秋も深まり文化の日が近づくころ、いつも文化勲章受章者と文化功労者の発表があります。今年の文化勲章の受章者は5人のうち、女性が2人で、やっと日本も女性が4割を占めるようになったと、ほっとしました。ところが、続いて発表された文化功労者のリストを見て、唖然としました。20人選ばれたのですが、女性は1人もいなかったのです。男性20に対して女性ゼロです。そんなに日本の女性は文化の発達に貢献していないと言うのですか。
最近5年間の文化勲章と文化功労者の受章者数のリストを作ってみました。男性と女性とに截然と分けられない人のケースも出てくるかもしれませんが、ここは一般的な男女の区別に従うことにします。
文化勲章受章者 文化功労者
男性 女性 男性 女性
2016年 3 3 13 2
2017年 5 0 12 3
2018年 5 0 19 1
2019年 6 0 15 5
2020年 3 2 20 0
文化勲章は学問・芸術など文化の発達に卓絶した功績のあったものに授与される勲章。文化功労者は文化功労者年金法に定める、文化の向上発達に顕著な貢献のあった者。終身年金が支給される。と、『広辞苑7版』には記されています。
それにしても、「文化の発達に功績・貢献のあった」女性は男性に比べて何と少ないとされているのでしょう。
その意味で、2016年の文化勲章は特筆すべき年だったといえます。この3人の女性は絵画・遺伝学・小説部門の方で、男性は細胞生物学・近世文学・作曲部門の方でした。いろいろな部門で優れた仕事をした方がバランスよく3人ずつ選ばれています。こうみてくると、ほかの年が男性に偏っているのが不思議になります。

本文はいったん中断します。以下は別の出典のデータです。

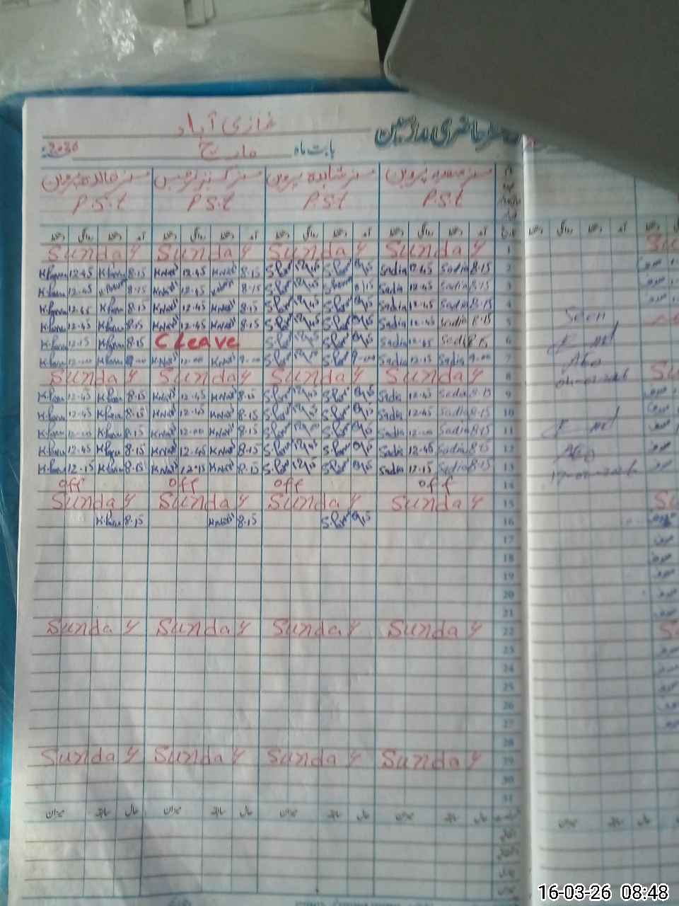 | Leave | Duty | Absent | Maternity | Medical | Ex- Pak |
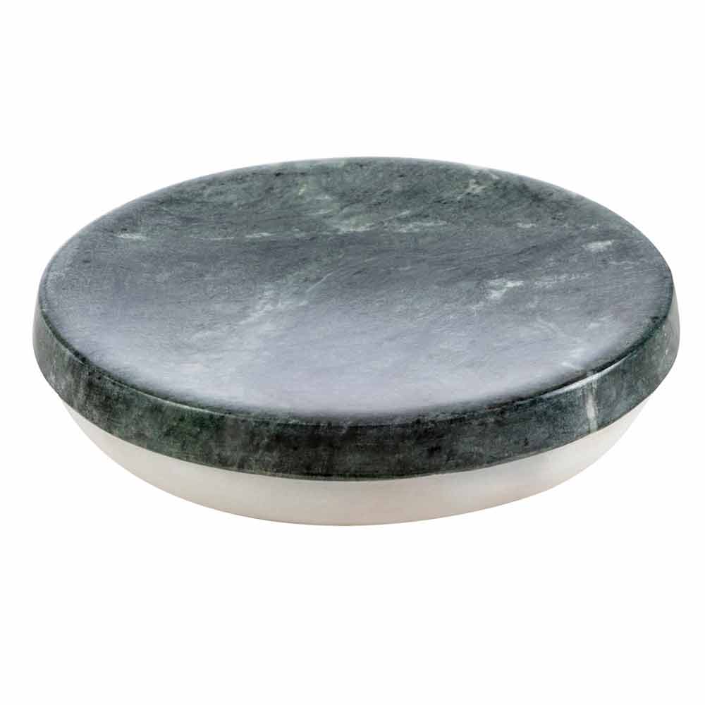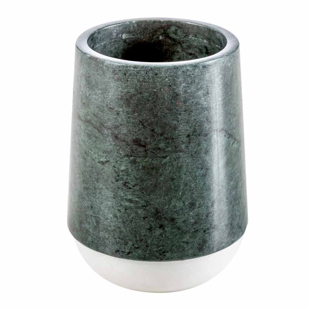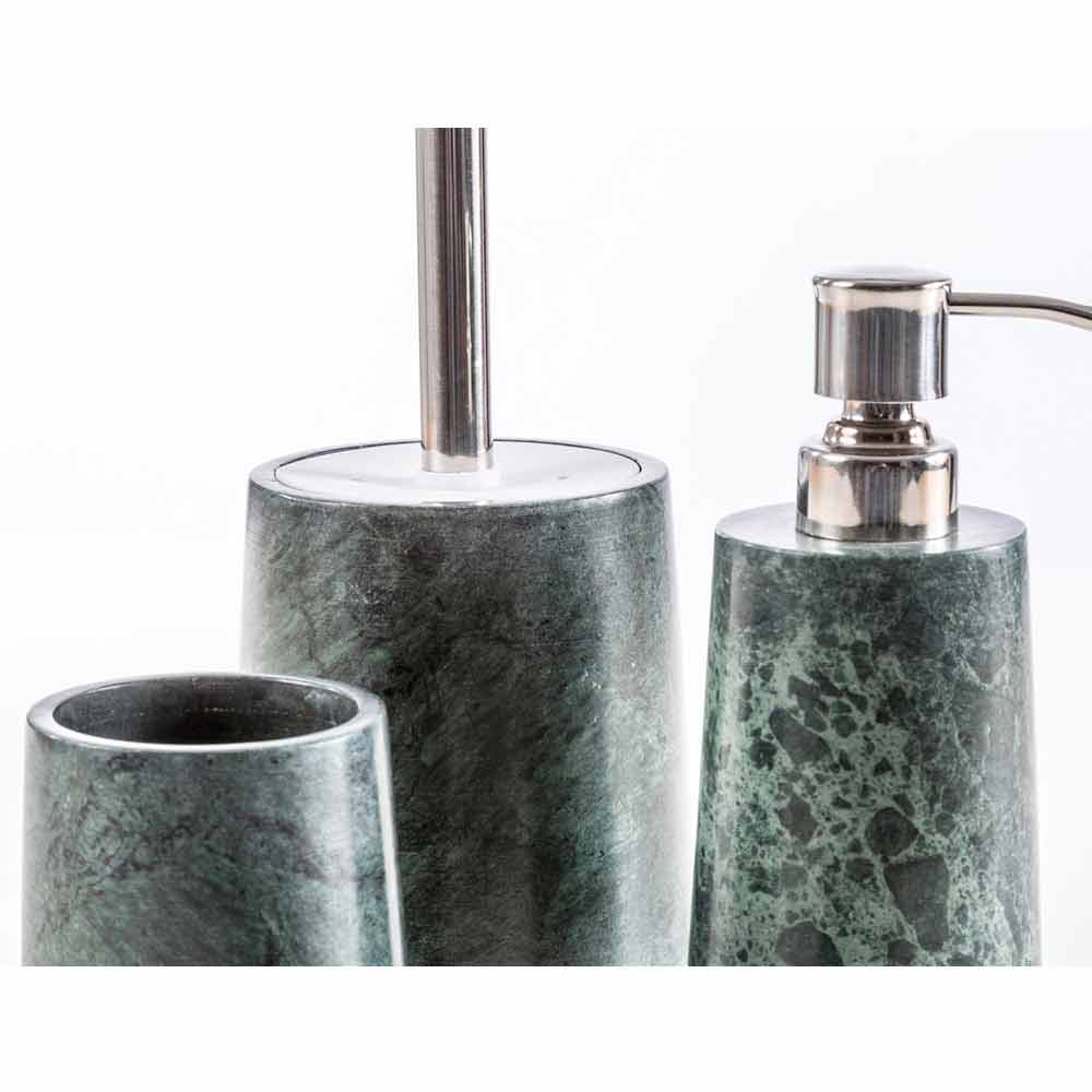 Bombei to zestaw akcesoriów łazienkowych z nakrapianego zielonego marmuru bogatego w żyły, który spoczywa na marmurowej podstawie Calacatta.
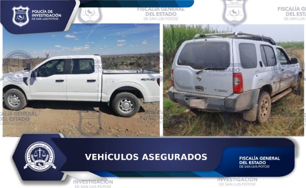 • En distintas acciones operativas, elementos de la Policía de Investigación (PDI) de la Fiscalía General del Estado de San Luis Potosí (FGESLP) lograron el aseguramiento de dos vehículos por diversas irregularidades, en Salinas de Hidalgo y El Naranjo.
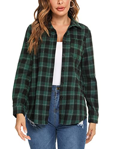 Enjoyoself dam, rutig blus, långärmad, rutiga flanellskjortor, 100 % bomull, button-down skjortblus för vardag och oktoberfest, Brun+grön, M
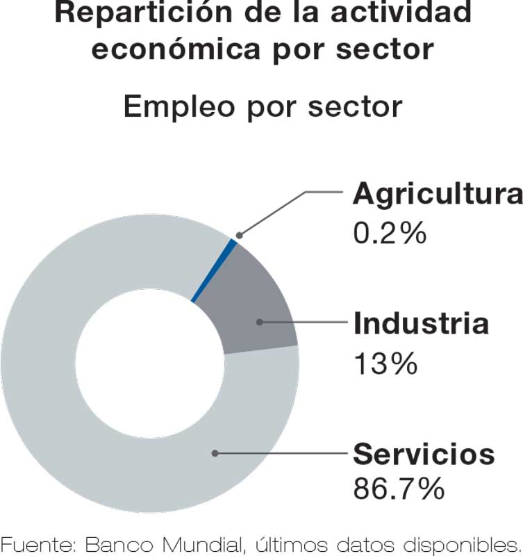 El sector de servicios representa 74% del PIB y emplea a tres cuartas partes de la población activa. El sector bancario representa 8% del PIB. Sectores bien desarrollados y altamente competitivos a nivel mundial como la banca, aseguradoras, fletes y el transporte, contribuyen al desarrollo del comercio internacional.
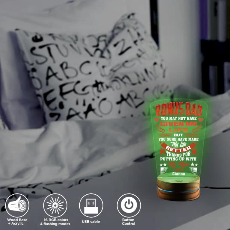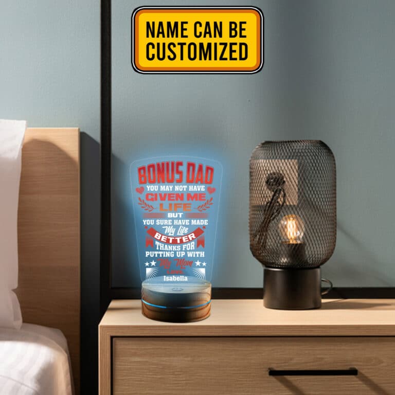 At CubeBik, besides 2D Night Light, we also offer tees, hoodies, sweaters, raglans, tanks, wall arts, canvases, posters, mugs, blankets, engraved jewelry, personalized necklaces, printed face masks, throw pillows, tote bags, hats, accessories and more on our website, so do not miss our other Step Dad Birthday Gift, Step Father Birthday Gift Ideas, Step Dad Birthday Presents, Fathers Day Gifts 2022, Father’s Day Gift Ideas 2022, Bonus Dad Shirt, Step Dad Lighting Gift, Bonus Dad You May Not Have Given Me Life Shirt, Thanks for Putting Up with My Mom Shirt, Funny Step Dad Shirts, Dad Step Dad Shirt, Step Dad Fathers Day Gift related merchandise. Moreover, all the products are made-to-order and one of a kind custom designs you can’t get elsewhere in normal stores. Let’s discover CubeBik.com now and find your favorite personalized items. We can’t wait to surprise and build beautiful memories with you and your loved ones.

文化の発達に対する貢献に点数はつけられない筈ですが、選ぶ人は何らかの物差しをつくって、それに沿って貢献度が高い低いとするのでしょう。その物差しがお金とか地位とか論文数とかになると、今の日本では男性の方が点数が高くなることが多い、その結果の偏りでしょう。物差しをかえれば、女性の方が貢献度が高くなる可能性が高い。つまりお金や地位の物差しを、人間の幸せ、平和、おだやかな老後などの物差しにすれば、点数の高い女性はたくさん出てきます。すぐにはその物差しが作れないとしたら、当分は文化勲章の受章者は男女半々ににすればいいのです。そのうち女性の方が多くなって偏ってくることを危ぶむなら、クオーター制のように、どちらかが40%を超えないとすればいいのです。それが今年の例になるというわけです。
それにしても文化功労者はひどいです。受章者の数は2017年までは15人だったのが、18年から20人になりました。350万円の終身年金がつき、この功労者に選ばれた人の中から文化勲章の受章者は選ばれることになっています。ですから、この功労者のプールの中の女性が少ないと、文化勲章受章者に選ばれる確率も低くなります。
文化勲章受章者が男女同数の時もあったのですから、その母体となる文化功労者も女性が半数いてもおかしくないことになります。ところが、最近の5年間で一番比率が高い19年度の割合が25%です。16年が13%、17年が20%、18年は5%、そしてことしは0という惨憺たる数字です。何度も言いますが、「文化の発達に貢献する」しかたやその質や価値などは相対的なものです。主観的なものです。文化や学問に点数がつけられないように、絶対的な価値や評価があるはずがないのです。
菅さんの新政府が20人の文化功労者をが選びました。そこに女性は1人も選ばれていませんでした。男性中心の大変偏った選び方に対して、心底から怒りを感じています。性が全く無視されているではありませんか。世の中が様々な価値観を尊重し多様な生き方を模索している時に、一方の性だけに偏った人選をするとは時代錯誤ではありませんか。
学術会議から推薦された候補者の6人を、菅さんは任命しなかった。その理由を問われて菅さんは、学術会議には多様性が大事だ、出身や大学にも偏りがみられる、と答えました。
文化功労者を選ぶのに女性ゼロという大変な偏りを冒している、そして自らの内閣の20人の閣僚の中2人しか女性を起用していないという、ものすごく偏った人事をしている菅さん、あなたの口から学術会議の会員の出身が偏っているだの、多様性が必要だなどと聞くとは思いませんでした。
ここではまず、変な理屈をつけないで、真正面から6人を任命しなかった理由を言ってください。